И вдруг он, как ни в чем не бывало, нахально хватает сигарету! Я буквально застыла от ярости: три часа не курю, такую боль ради него вытерпела, а он — как ни в чем не бывало!.. Как же я на него заорала, а он разу смылся от моего крика. С сигаретой смылся…
Когда врачи настаивали, чтобы он лег в больницу, сопротивлялся именно потому, что там курить неудобно…)
Да, Георгий Александрович не был полон сил, энергии, желаний, но не был и тем дряхлеющим Мастером, которого любят живописать некоторые его и мои коллеги.
В свое последнее десятилетие Товстоногов вступал Товстоноговым. Уставшим от бессмысленных препирательств с властью, которая одной рукой раздавала сладкие пряники — награды и звания, — а в другой сжимала розги. Познавшим, что такое истинная слава на сценах мира. По-прежнему готовым к экспериментам, только уже немного иного, в каком-то смысле культурологического плана.
А вокруг громко заявляли о себе другие экспериментаторы, которым только еще предстояло пройти путь, завершавшийся для него, и открыть, в сущности, то, что для Товстоногова загадкой не являлось. И вот эту «смену оптики», поиски непривычного Товстоногова время недооценило, оставив оценки на суд Вечности.
Тем не менее — повторим! — в свое последнее десятилетие Товстоногов вступал Товстоноговым.
Глава 7
ПОСЛЕДНЕЕ ДЕСЯТИЛЕТИЕ
Этот последний период жизни Георгия Александровича Товстоногова начался долгожданной постановкой в гамбургском театре «Талия» спектакля «Идиот». Работа была во многом непривычной, Товстоногов подробно рассказал о ней на одном из занятий режиссерской лаборатории, отвечая на вопрос, пришлось ли ему как-то корректировать свою методологию в репетициях с немецкими актерами.
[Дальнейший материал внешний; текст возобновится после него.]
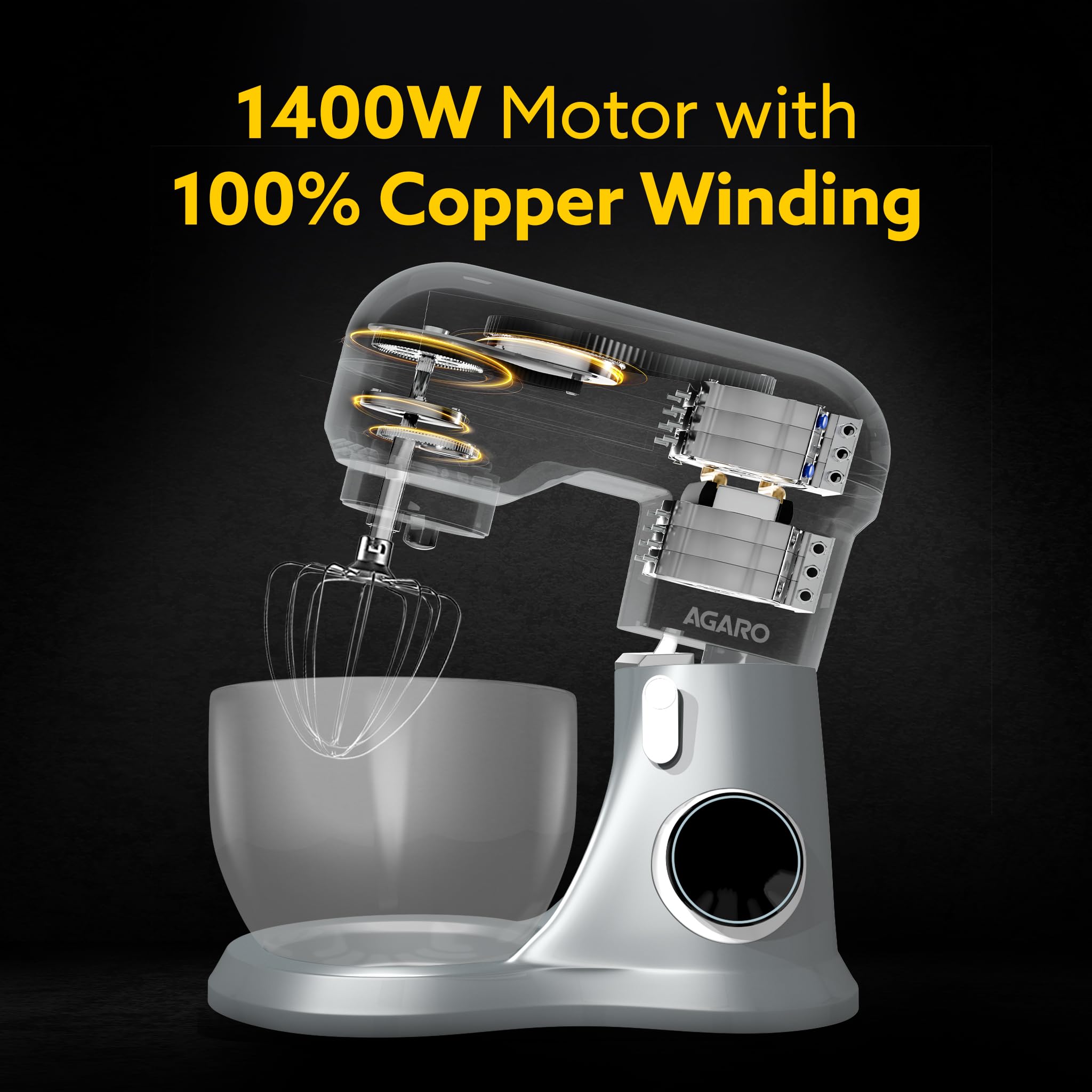 Brand: AGAROColor: DARK GREYFeatures: 1400 watts powerful motor comes with 100% copper motor providing strong planetary movement for optimal mixing... Read more
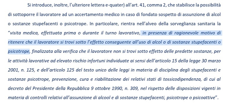 He aquí el texto de la circular que abre la vía a los controles sorpresa incluso en horario laboral. “Además, se introduce en la técnica la letra adicional e-quater). 41, párrafo 2, que prevé la posibilidad de someter al trabajador a un reconocimiento médico en caso de sospecha fundada de consumo de alcohol o sustancias estupefacientes o psicotrópicas. En particular, “el examen médico, realizado antes o durante la jornada de trabajo, en presencia de motivos razonables para creer que el trabajador se encuentra bajo la influencia del alcohol o de sustancias estupefacientes o psicotrópicas, destinado a verificar que el trabajador no se encuentra bajo la influencia de estas sustancias, para actividades laborales con alto riesgo de accidentes identificados de conformidad con el artículo 15 de la ley de 30 de marzo de 2001, n° 125, y el artículo 125 del Reglamento único del trabajo Ley sobre estupefacientes y sustancias psicotrópicas, prevención, tratamiento y rehabilitación de los estados relacionados con la drogadicción, a que se refiere el decreto del Presidente de la República de 9 de octubre de 1990, n. 309, de conformidad con las disposiciones vigentes en materia de controles relacionados con el consumo de alcohol y sustancias estupefacientes, psicotrópicas o psicoactivas.“.
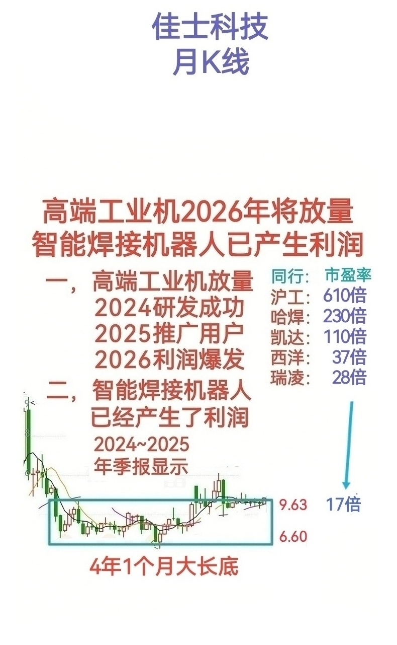 小心这么走:横有4年1个月,换手18遍,涨幅+46%,业绩第一估值垫底,高端机利润将爆发,智能焊接机器人已产生利润。
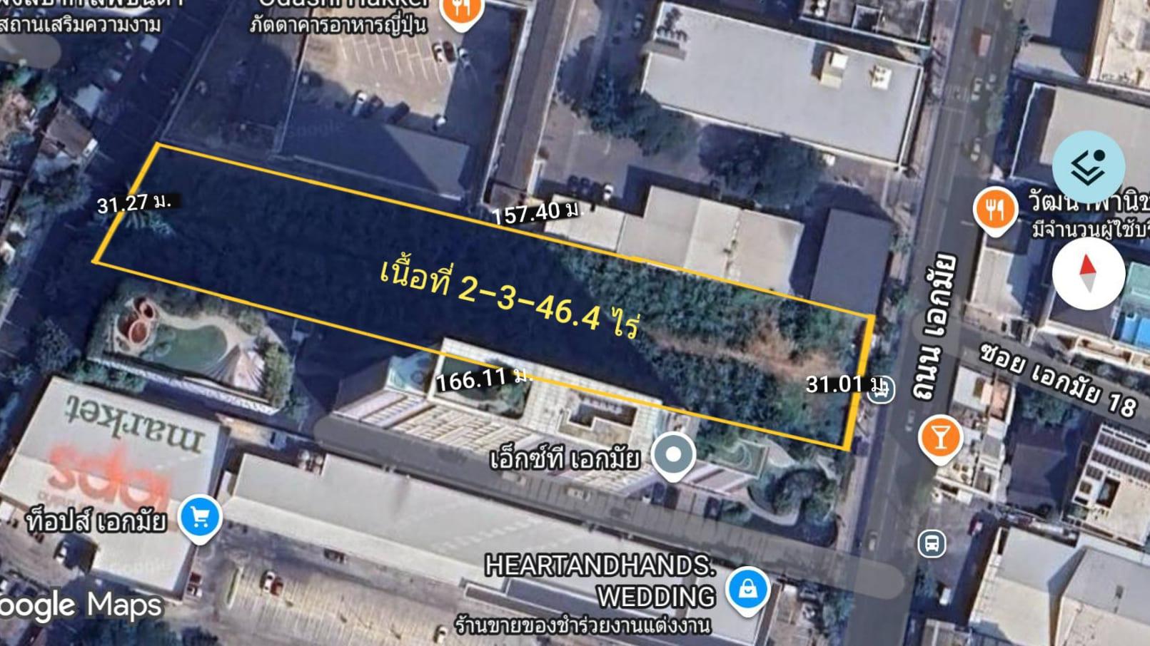 ขายที่ดินเปล่า 2-3-46.4 ไร่ (1,146.4 ตรว.) ติดถนนเอกมัย สุขุมวิท 63 แขวงคลองตันเหนือ เขตวัฒนา กรุงเทพๆ

Этот рассказ представляется чрезвычайно любопытным.
«В первые недели я посмотрел там много спектаклей, — говорил Георгий Александрович, — и уловил общую тенденцию — преобладал в них принцип шокирующей режиссуры. А он чужд всякому артисту, немецкому в том числе, потому что мертвит актерскую природу. Это форма самовыражения режиссера, для которого исполнитель становится просто марионеткой. Стало быть, ничего не заявляя и не декларируя, я мог выиграть, пойдя против течения. Правда, я не знал немецкого зрителя, не знал, к кому буду апеллировать, но тут у меня был расчет на всечеловечность Достоевского, я надеялся, что он может пробиться к любой душе. <…>
Конечно, я работал не так, как в своей труппе, с которой многие вещи не надо оговаривать, они предполагаются. Там все приходилось начинать с Адама и Евы, но они хотели постичь методологию и просили меня после работы объяснять им какие-то положения… Подвигнуть их на этюды было сложно, потому что немецкие актеры — рациональные, интеллектуальные, и обнаружить в них “подлинность страстей” очень трудно. Импровизационностью, при большом мастерстве, они не владеют».
А именно способность к импровизированию, как не раз уже отмечалось, режиссер считал одним из главных достоинств артиста. Именно в импровизации обнаруживается масштаб его дарования и «природа чувств».